> [WHAT YOU HAVE TO DO]
Each line from the one with "This Constance is" through the last line of the material is to be printed exactly; no other line and no picture belongs in the copy.

> [SUPPLIED DATA]
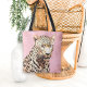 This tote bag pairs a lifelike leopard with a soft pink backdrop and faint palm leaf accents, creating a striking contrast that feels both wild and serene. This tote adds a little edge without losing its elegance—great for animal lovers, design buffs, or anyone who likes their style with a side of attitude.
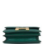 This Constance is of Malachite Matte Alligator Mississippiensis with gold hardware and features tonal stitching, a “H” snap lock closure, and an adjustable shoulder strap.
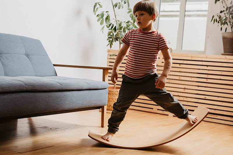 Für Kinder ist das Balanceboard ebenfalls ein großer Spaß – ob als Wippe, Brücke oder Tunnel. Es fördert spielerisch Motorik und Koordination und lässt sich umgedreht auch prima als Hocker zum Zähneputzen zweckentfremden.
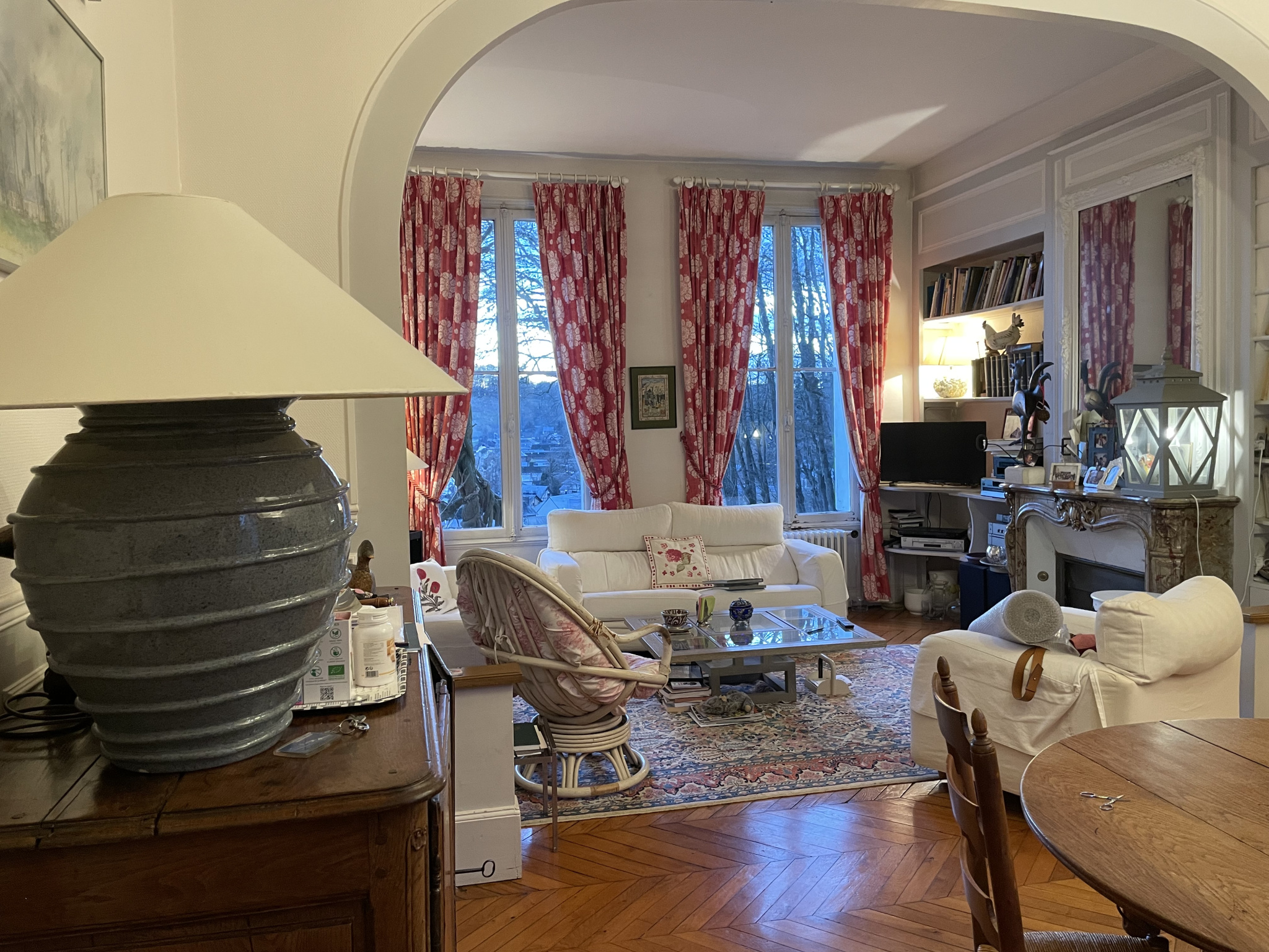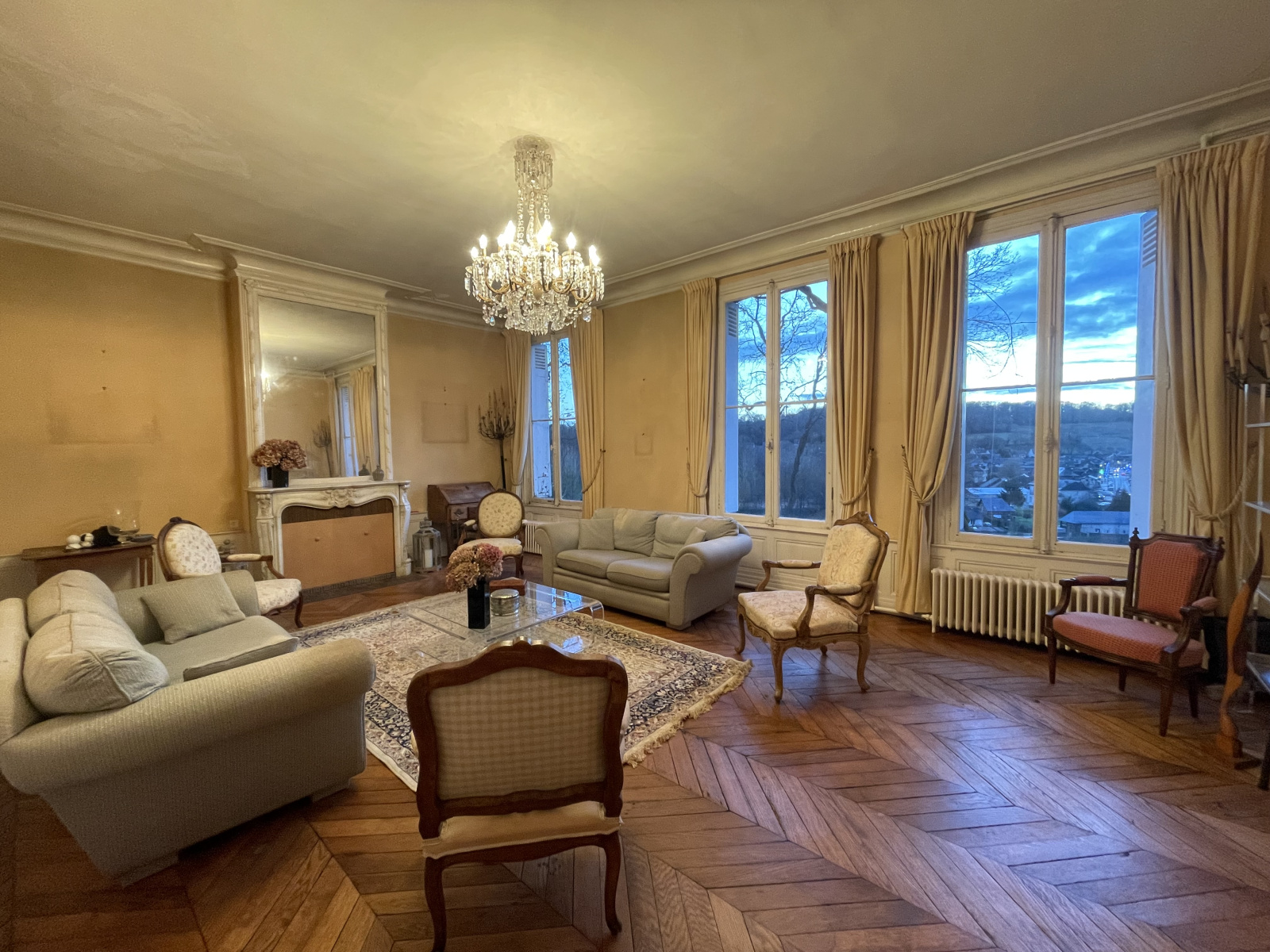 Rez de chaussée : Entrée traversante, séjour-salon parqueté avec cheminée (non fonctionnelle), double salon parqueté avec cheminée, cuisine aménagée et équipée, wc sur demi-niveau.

> [OUTPUT BELOW]
 This Constance is of Malachite Matte Alligator Mississippiensis with gold hardware and features tonal stitching, a “H” snap lock closure, and an adjustable shoulder strap.
 Für Kinder ist das Balanceboard ebenfalls ein großer Spaß – ob als Wippe, Brücke oder Tunnel. Es fördert spielerisch Motorik und Koordination und lässt sich umgedreht auch prima als Hocker zum Zähneputzen zweckentfremden.
 Rez de chaussée : Entrée traversante, séjour-salon parqueté avec cheminée (non fonctionnelle), double salon parqueté avec cheminée, cuisine aménagée et équipée, wc sur demi-niveau.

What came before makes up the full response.